For many years North Dakota has been a frontier — not the classic 19th-century kind based on American avarice and the lure of opportunity in unsettled lands, but the kind that comes afterward, when a place has been stripped bare or just forgotten because it was a hard garden that no one wanted too much to begin with, and now it has reverted to the wilderness that widens around dying towns. In a way, of course, this kind of frontier is as much a state of mind as an actual place, a melancholy mood you can’t shake as you drive all day in a raw spring rain with nothing but fence posts and featureless cattle range for company thinking, Is this all there is? until finally you get out at some windswept intersection and gratefully fall on the fellowship of a dog-faced bar with a jukebox of songs about people on their way to somewhere else.

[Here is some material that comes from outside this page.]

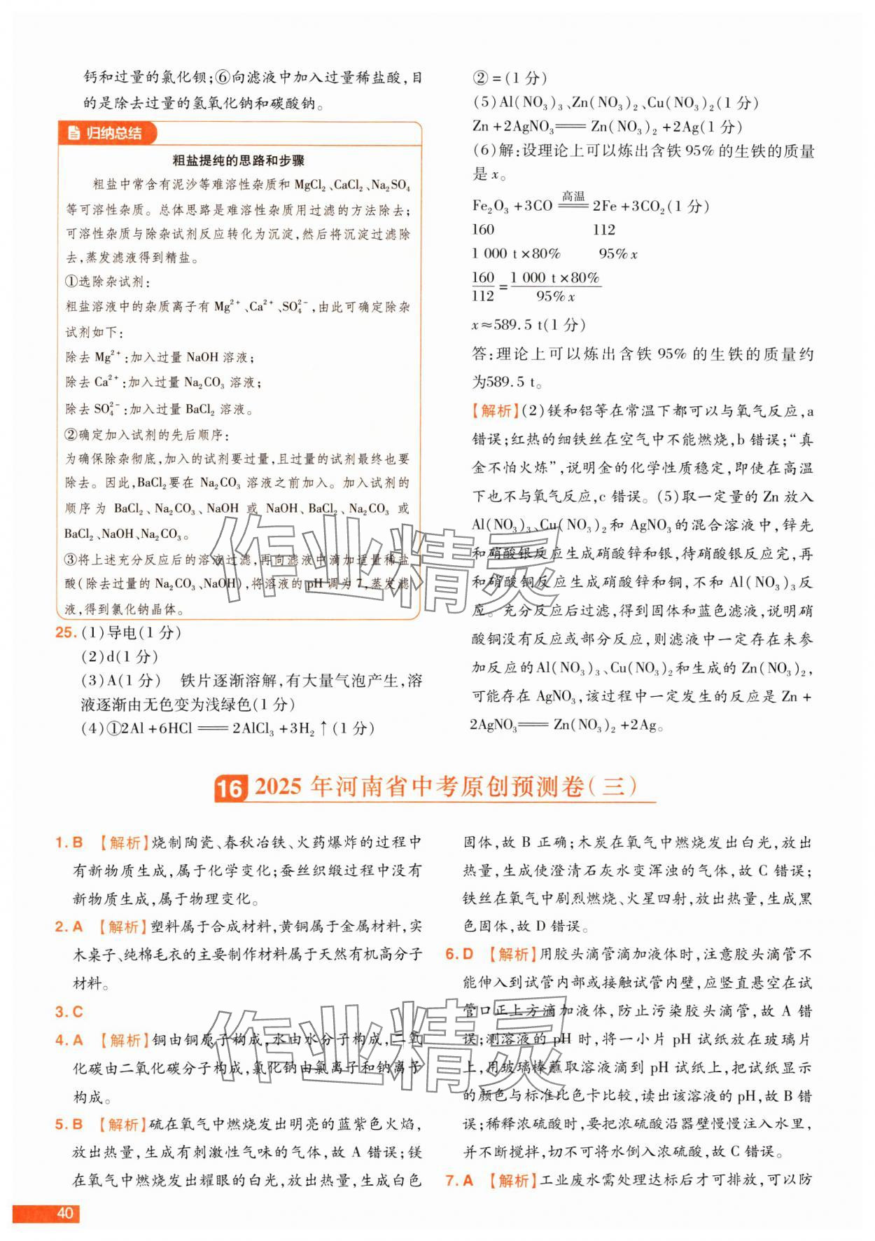 注:目前有些书本章节名称可能整理的还不是很完善,但都是按照顺序排列的,请同学们按照顺序仔细查找。练习册 2025年中考帮真题必刷化学中考河南专版 答案主要是用来给同学们做完题方便对答案用的,请勿直接抄袭。

All of which may explain the shock of coming around a bend and suddenly finding a derrick illuminated at night, or a gas flare framed by stars, or dozens of neatly ranked trailers in a “man camp,” or a vast yard of drill pipe, or a herd of water trucks, or tracts of almost-finished single-family homes with Tyvek paper flapping in the wind of what just yesterday was a wheat field. North Dakota has had oil booms before but never one so big, never one that rivaled the land rush precipitated more than a century ago by the transcontinental railroads, never one that so radically changed the subtext of the Dakota frontier from the Bitter Past That Was to the Better Future That May Yet Be.

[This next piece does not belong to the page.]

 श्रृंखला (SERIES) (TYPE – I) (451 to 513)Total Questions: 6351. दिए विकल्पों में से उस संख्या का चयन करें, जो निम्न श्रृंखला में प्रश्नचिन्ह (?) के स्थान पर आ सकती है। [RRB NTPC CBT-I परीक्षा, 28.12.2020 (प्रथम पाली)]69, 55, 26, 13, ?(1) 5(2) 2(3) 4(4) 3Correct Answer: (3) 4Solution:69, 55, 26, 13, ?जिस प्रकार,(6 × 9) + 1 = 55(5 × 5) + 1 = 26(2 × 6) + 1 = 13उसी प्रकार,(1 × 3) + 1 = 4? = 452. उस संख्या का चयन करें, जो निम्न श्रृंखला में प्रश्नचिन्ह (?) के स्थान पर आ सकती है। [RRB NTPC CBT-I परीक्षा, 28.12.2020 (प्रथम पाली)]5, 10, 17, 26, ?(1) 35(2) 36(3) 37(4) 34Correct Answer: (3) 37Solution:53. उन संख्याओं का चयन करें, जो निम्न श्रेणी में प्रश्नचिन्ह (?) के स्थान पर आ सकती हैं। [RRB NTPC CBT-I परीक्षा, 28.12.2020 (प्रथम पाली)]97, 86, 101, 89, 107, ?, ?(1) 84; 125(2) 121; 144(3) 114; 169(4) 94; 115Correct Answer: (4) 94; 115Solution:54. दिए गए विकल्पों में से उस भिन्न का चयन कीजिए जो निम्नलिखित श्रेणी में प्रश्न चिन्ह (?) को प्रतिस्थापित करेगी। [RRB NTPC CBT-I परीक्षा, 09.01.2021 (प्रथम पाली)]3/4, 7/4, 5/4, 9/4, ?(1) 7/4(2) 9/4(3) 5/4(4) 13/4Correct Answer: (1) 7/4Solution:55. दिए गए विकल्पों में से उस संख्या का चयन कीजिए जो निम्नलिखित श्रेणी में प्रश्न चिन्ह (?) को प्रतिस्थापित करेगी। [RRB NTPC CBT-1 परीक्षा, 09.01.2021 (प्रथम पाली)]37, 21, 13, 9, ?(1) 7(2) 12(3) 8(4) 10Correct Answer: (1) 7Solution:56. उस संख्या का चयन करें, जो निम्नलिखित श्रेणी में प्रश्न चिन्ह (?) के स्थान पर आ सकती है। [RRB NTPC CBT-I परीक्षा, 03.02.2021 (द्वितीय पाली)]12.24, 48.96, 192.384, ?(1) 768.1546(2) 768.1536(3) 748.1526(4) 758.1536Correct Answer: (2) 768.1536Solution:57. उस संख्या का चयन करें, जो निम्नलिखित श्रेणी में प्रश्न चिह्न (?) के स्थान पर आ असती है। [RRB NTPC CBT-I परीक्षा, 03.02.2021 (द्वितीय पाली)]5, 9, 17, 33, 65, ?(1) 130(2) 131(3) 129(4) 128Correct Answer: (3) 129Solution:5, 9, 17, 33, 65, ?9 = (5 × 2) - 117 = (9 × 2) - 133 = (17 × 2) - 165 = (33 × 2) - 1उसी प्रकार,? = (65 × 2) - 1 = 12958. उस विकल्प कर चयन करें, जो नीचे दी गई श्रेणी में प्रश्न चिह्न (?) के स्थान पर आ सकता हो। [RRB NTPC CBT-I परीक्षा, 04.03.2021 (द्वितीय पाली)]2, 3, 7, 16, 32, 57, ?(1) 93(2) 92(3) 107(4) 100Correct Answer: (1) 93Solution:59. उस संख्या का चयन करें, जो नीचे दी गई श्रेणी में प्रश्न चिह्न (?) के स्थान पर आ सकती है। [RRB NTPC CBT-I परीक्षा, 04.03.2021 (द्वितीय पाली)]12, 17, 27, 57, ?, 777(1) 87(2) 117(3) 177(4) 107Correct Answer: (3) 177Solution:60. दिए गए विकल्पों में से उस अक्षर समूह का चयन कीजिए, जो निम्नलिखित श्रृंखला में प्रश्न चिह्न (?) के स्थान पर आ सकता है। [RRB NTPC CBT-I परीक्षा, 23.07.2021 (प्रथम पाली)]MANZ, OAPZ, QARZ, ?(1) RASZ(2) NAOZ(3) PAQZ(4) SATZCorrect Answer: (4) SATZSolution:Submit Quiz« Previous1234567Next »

It’s hard to think of what oil hasn’t done to life in the small communities of western North Dakota, good and bad. It has minted millionaires, paid off mortgages, created businesses; it has raised rents, stressed roads, vexed planners and overwhelmed schools; it has polluted streams, spoiled fields and boosted crime. It has confounded kids running lemonade stands: 50 cents a cup but your customer has only hundreds in his payday wallet. Oil has financed multimillion-dollar recreation centers and new hospital wings. It has fitted highways with passing lanes and rumble strips. It has forced McDonald’s to offer bonuses and brought job seekers from all over the country — truck drivers, frack hands, pipe fitters, teachers, manicurists, strippers. It has ginned up an unreleased reality show called “Boomtown Girls,” which follows the lives of “five bold and brave sisters” in the formerly drowsy farm center of Williston, N.D. Williston, whose population has tripled in the past 10 years, lies in the middle of the 150,000-square-mile Williston Basin, a depression in the crust of the earth that geologists now believe contains one of the largest oil fields in the world.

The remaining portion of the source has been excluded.